What is Reconciliation Week?

Reconciliation Week is underway for the first time since last year’s failed Voice referendum.

The aim of the week is to improve relationships between First Nations and non-First Nations people through reflection and celebration.

This year’s theme is ‘Now More Than Ever’.

Organisers say it’s about acknowledging setbacks to reconciliation efforts between First Nations and non-First Nations Australians over the past 12 months.

What is Reconciliation Week?

Reconciliation Week, now in its 28th year, includes events like art exhibitions, seminars and ceremonies.

It starts on 27 May each year, marking the anniversary of the 1967 referendum that removed Constitutional clauses preventing First Nations people from being considered part of Australia’s population.

The last day of reconciliation week, 3 June, marks the 1992 Mabo decision recognising native title.

Now More Than Ever

This year’s theme aims to encourage ongoing reconciliation efforts following last year’s failed Voice referendum.
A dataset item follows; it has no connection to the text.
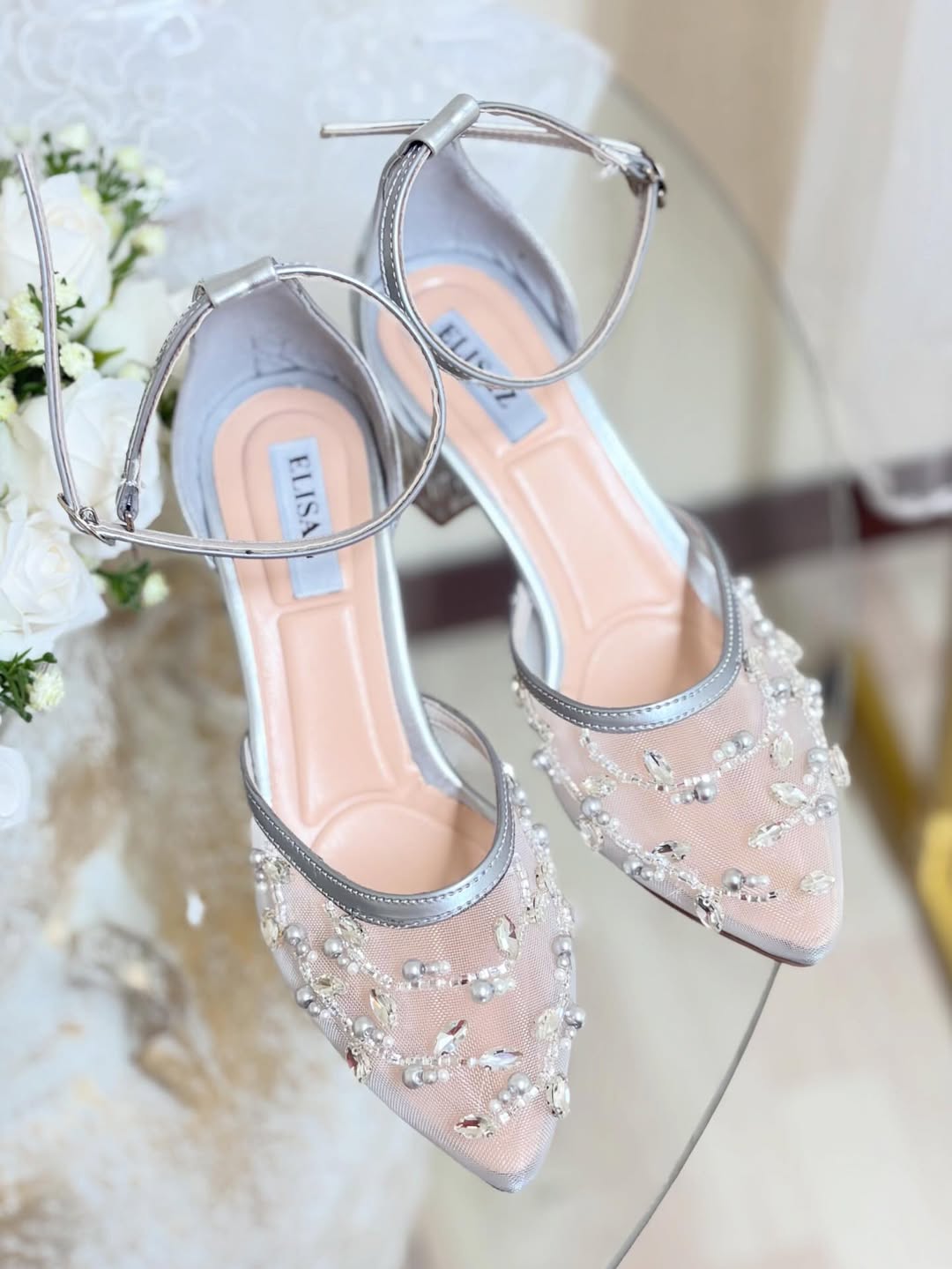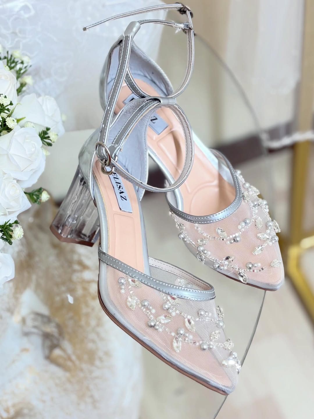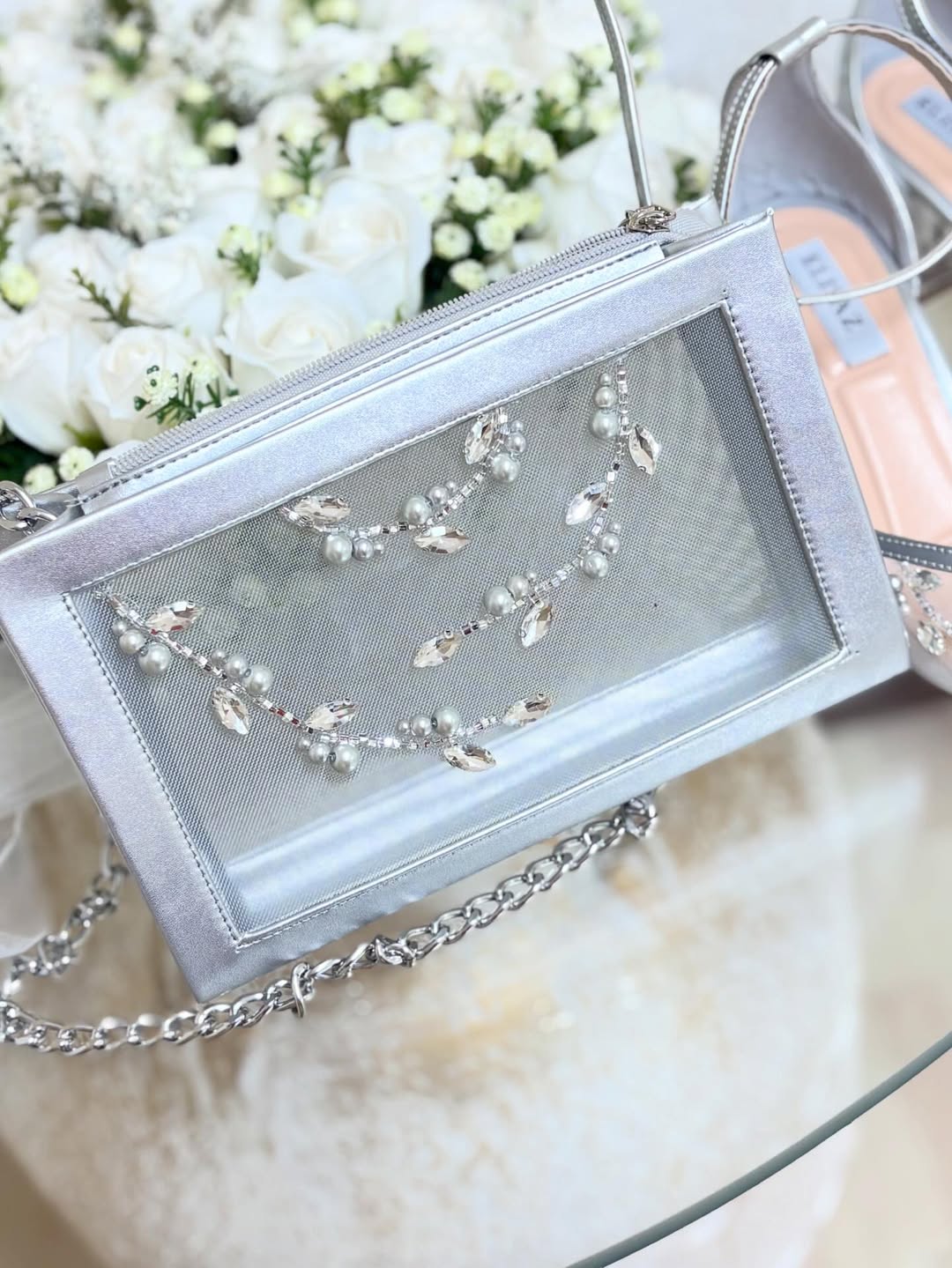 ست کیف و کفش نقره‌ای
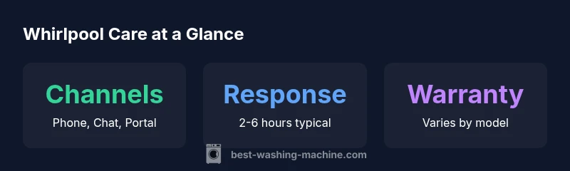 According to Best Washing Machine, effective consumer support for appliances starts with knowing where to reach help and how to prepare before you call. For Whirlpool washers, official care channels include phone support, live chat on the official site, email, and an online portal for warranty and service requests. This mix of options helps homeowners, renters, and small business operators access guidance quickly, understand eligibility for service, and track progress through a single interface. The goal of whirlpool customer care for washing machine is to minimize downtime and protect the warranty, while offering clear instructions for routine maintenance and common fault codes. In our experience, customers who have their model number, serial number, and purchase date ready before contacting support experience shorter resolution times. The Best Washing Machine team found that documenting the fault in a short paragraph with steps tried often yields faster diagnostics and reduces back-and-forth.

The request for an Indigenous Voice to Parliament came from the Uluru Statement from the Heart — a statement endorsed by the Government outlining the path to formally recognising First Nations people in the nation’s Constitution.

The proposed Voice would have been a representative body for First Nations people to advise on policies that affect them. On 14 October, the majority of Australians voted against this proposal.

Truth-telling

The referendum has raised concerns about effective truth-telling processes, which are a key part of reconciliation.

Truth-telling refers to the sharing of ongoing or historical truths, such as land dispossession and colonial conflict, to support reconciliation.

Reconciliation Australia and UNSW examined effective truth-telling practices in a recent study. It found that truth-telling should be led by First Nations communities, recognise the ongoing impacts of past policies, and aim to improve First Nations outcomes.

Federal Government response

Indigenous Australians Minister Linda Burney said Reconciliation Week is a chance “to reflect on the past and take action towards a more reconciled Australia” after what she called a “difficult” year for many First Nations people.

Burney and other leaders are expected to attend Reconciliation Week events at Parliament House throughout the week.